Smith: A Labor Story, but Not a Straight Line
Adam Smith is sometimes credited, sometimes blamed, for launching the LTV. The truth is more interesting: Smith juggled several accounts of natural price, including labor command and labor embodiment, and he treated rent and profit as components that altered a simple “labor only” story.
For Smith, a competitive market price in the long run related to a natural price shaped by wages, profits, and rents on the cost side, while labor was the broad social yardstick. Readers who have walked through the simple division of labor story can see the intuitive link: if specialization raises productivity, the labor time society needs to produce a pin falls, and competition tends to pass that through as lower prices, other things equal.

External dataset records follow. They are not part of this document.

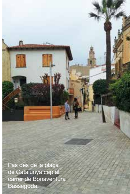
Pas des de la plaça de Catalunya cap al carrer de Bonaventura Bassagoda.

Els carrers de Sant Miquel, Navarra, Flos i Calcat, Francesc Macià i Itàlia, entre els carrers de Romà Fabra i del Pintor Domènech Farré. En el cas del carrer de Francesc Macià, només per a l'accés del veïnat i els guals.
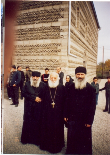
ეპისკოპოსი ექვთიმე (ლეჟავა), დეკანოზი შალვა ( შუბითიძე), ეპისკოპოსი ლუკა (ლომიძე)
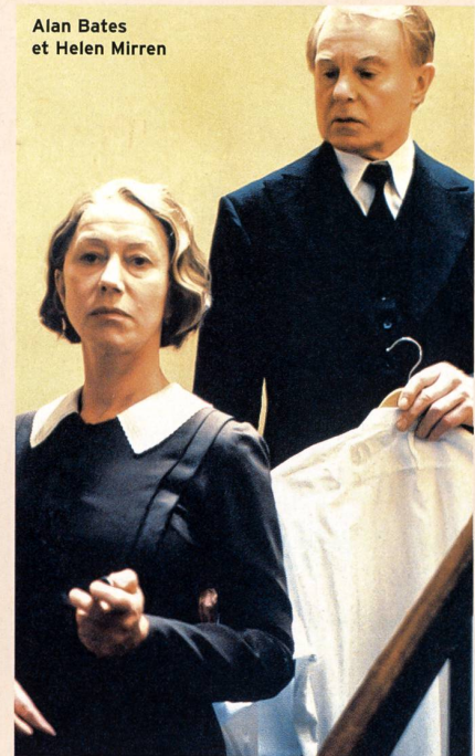
Alan Bates et Helen Mirren

Cet apparent dédain du star system trouve sans doute son origine dans les débuts de Bates. Formé à l'Académie royale d'art dramatique de Londres, il se fait
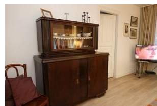
.....Nostalgie pur ...
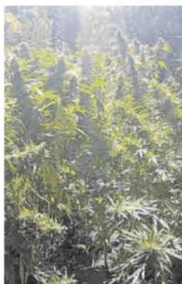
Plantación de marihuana.
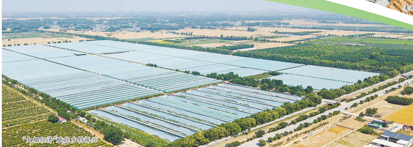
“大棚经济”赋能乡村振兴
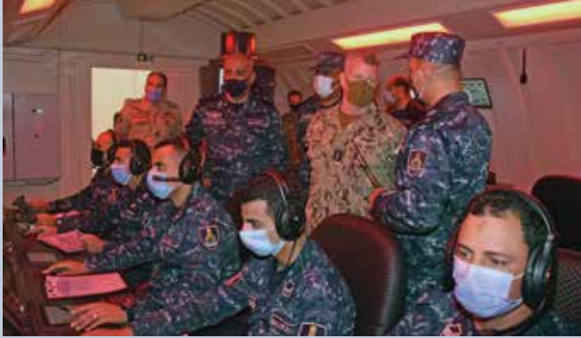
الفريق بحري آنذاك صمويل ببارو، قائد القوات البحرية الأمريكية، الأسطول الأمريكي الخامس، يتحدث مع رجال البحرية المصرية خلال زيارة إلى الإسكندرية في نيسان/أبريل 2021. البحرية المصرية

قال الفريق بحري آنذاك صمويل ببارو، قائد القوات البحرية الأمريكية، الأسطول الأمريكي الخامس: "تجسدت اليوم لحظة تاريخية بدخول مصر في تحالفنا الدائم؛ فمصر شريك مهم في ضمان الاستقرار في المنطقة، ويشرفنا الترحيب بشراكة مصر في مهمتنا التي تركز على جعل المنطقة والعالم أكثر أماناً." والقوات البحرية المختلطة عبارة عن شراكة بحرية متعددة الجنسيات تتكون من ثلاث قوات مهام، وغايتها تعزيز الأمن في قوس بحري يمتد من الخليج العربي إلى البحر الأحمر، وتعمل على مكافحة القرصنة وتهريب الأسلحة والمخدرات والإرهاب والجرائم الأخرى. المصادر: وزارة الدفاع المصرية، القوات البحرية المختلطة، الأهرام
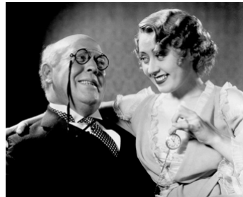
1933 CHERCHEUSES D'OR DE 1933 (Gold Diggers of 1933) de Mervyn LeRoy avec Joan Blondell
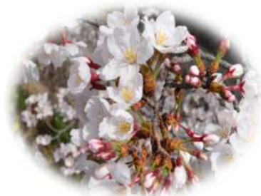
西宮市の市花 さくら
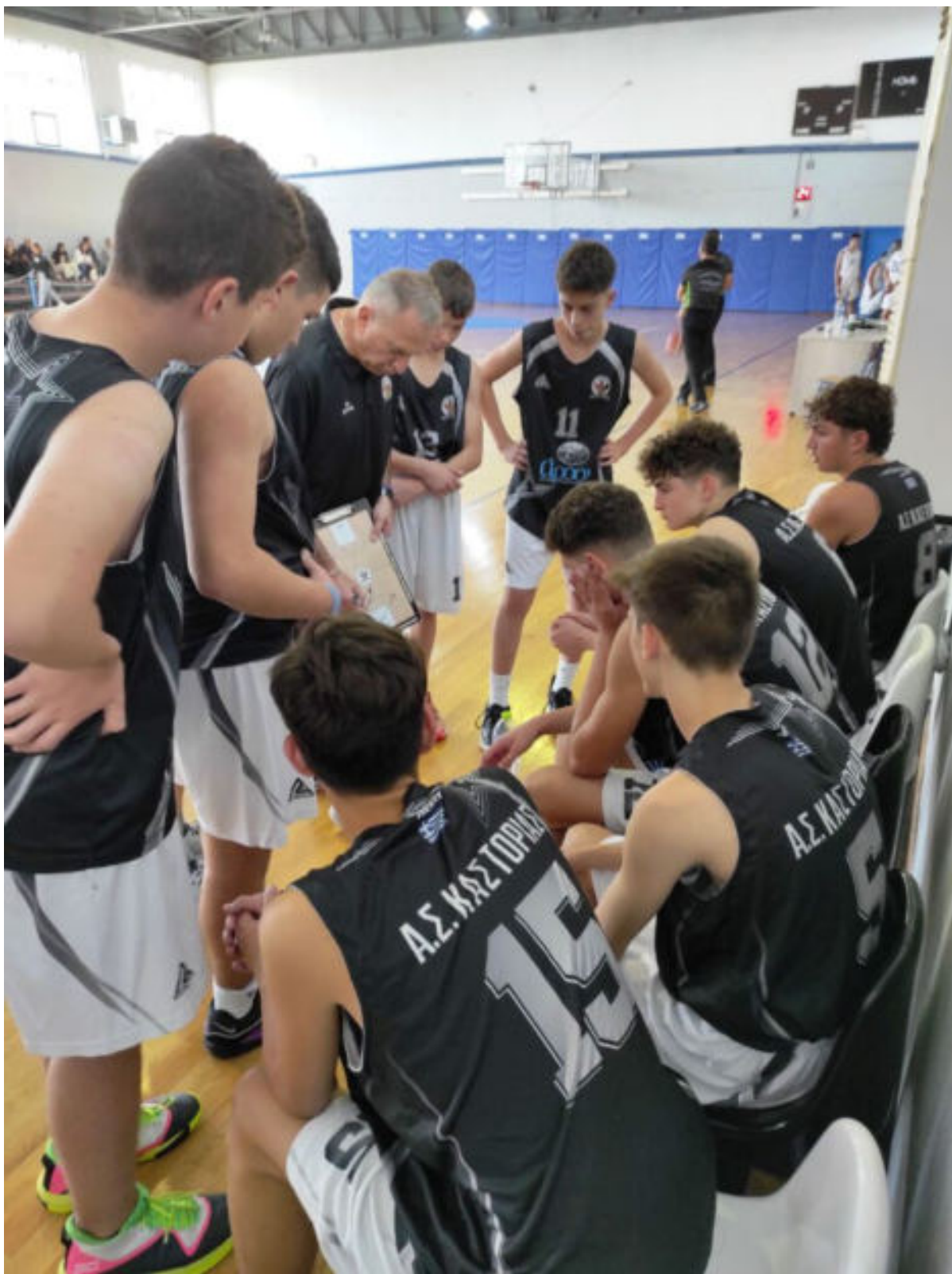
Με τη φετινή ομάδα Παίδων του ΑΣ Καστοριάς.
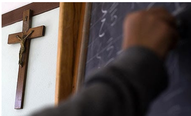
Фотография 7. Распятие в классной комнате Рима 30

Будет уместным рассмотреть и ровно противоположную ситуацию. Когда дело касалось христианских религиозных традиций, ЕСПЧ занял следующую позицию: вопросы присутствия религиозных символов в учебных классах относятся к ведению конкретного государства. Так, в случае с христианской символикой решение ЕСПЧ признавало, что христианское распятие на стенах классов не свидетельствует о нетолерантности к детям, исповедующим другие религии или атеистам 29 .
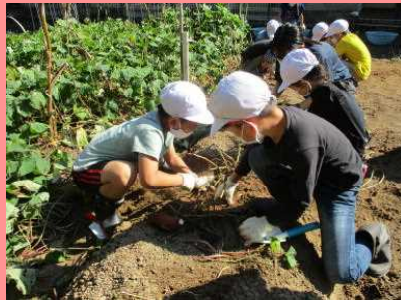
「2年生活科」 サツマイモの収穫
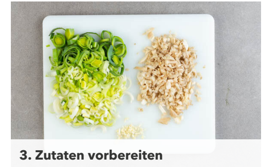
3. Zutaten vorbereiten

Den Perlencouscous nach und nach mit der Brühe ablöschen, dabei gelegentlich umrühren. Diesen Vorgang 8-10Min. lang wiederholen, bis die Brühe aufgebraucht und der Perlencouscous gar ist. Die Gewürzmischung einrühren und den Spinat unterheben, bis er zusammengefallen ist. Mit mehr Brühwürz oder Salz und Pfeffer abschmecken.
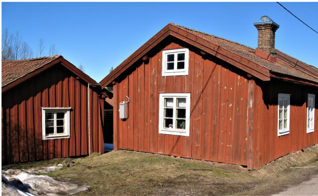
Figur 2. Stugan. Till vänster syns sommarstugan.

Invändigt finns vardagstuga och kammare. Fristående mot innerväggen finns murstock med härd, en inmurad kistspis och bakugn i vardagsstugan. Vardagsstugan har en allmän karaktär i inredning och ytskikt som stilmässigt kan hänföras till 1930-talet. Det finns dock byggnadsdetaljer som kan härröras till 1800-talet såsom dörrblad, omfattningar och tapetlager. Här förekommer också äldre murverk, breda innertaksbrädor under papptaket och ingångsdörren. Stugan har en oninredd vind.
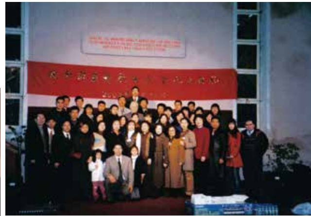
▽ 2002年1月21日波尔图生命堂成立典礼

Jargon alert: in classical terms, the “natural” price is not a mystical number; it is a center of gravity around which market prices fluctuate, shaped by the costs of normal reproduction of inputs, including a normal return to capital. The LTV, in its strongest form, says that, across commodities, the deep accounting ultimately reduces to homogeneous labor—or at least to labor in a well-defined social sense. Smith did not sign his name to that last, tidy reduction; Ricardo tried harder, and Karl Marx tried hardest of all, as our primers on value and surplus explain.
Ricardo: Systematization and Its Sharp Edges
David Ricardo, associated on this site with comparative advantage in trade, also crystallized a distribution-first picture of the economy. In simplified Ricardian stories, the difficulty of production at the margin of land, combined with a subsistence wage anchor, can make rent a residual that rises as growth pushes cultivation onto worse plots. Wages and profits sit in a tense, zero-sum–looking relationship when you hold technology and institutions fixed.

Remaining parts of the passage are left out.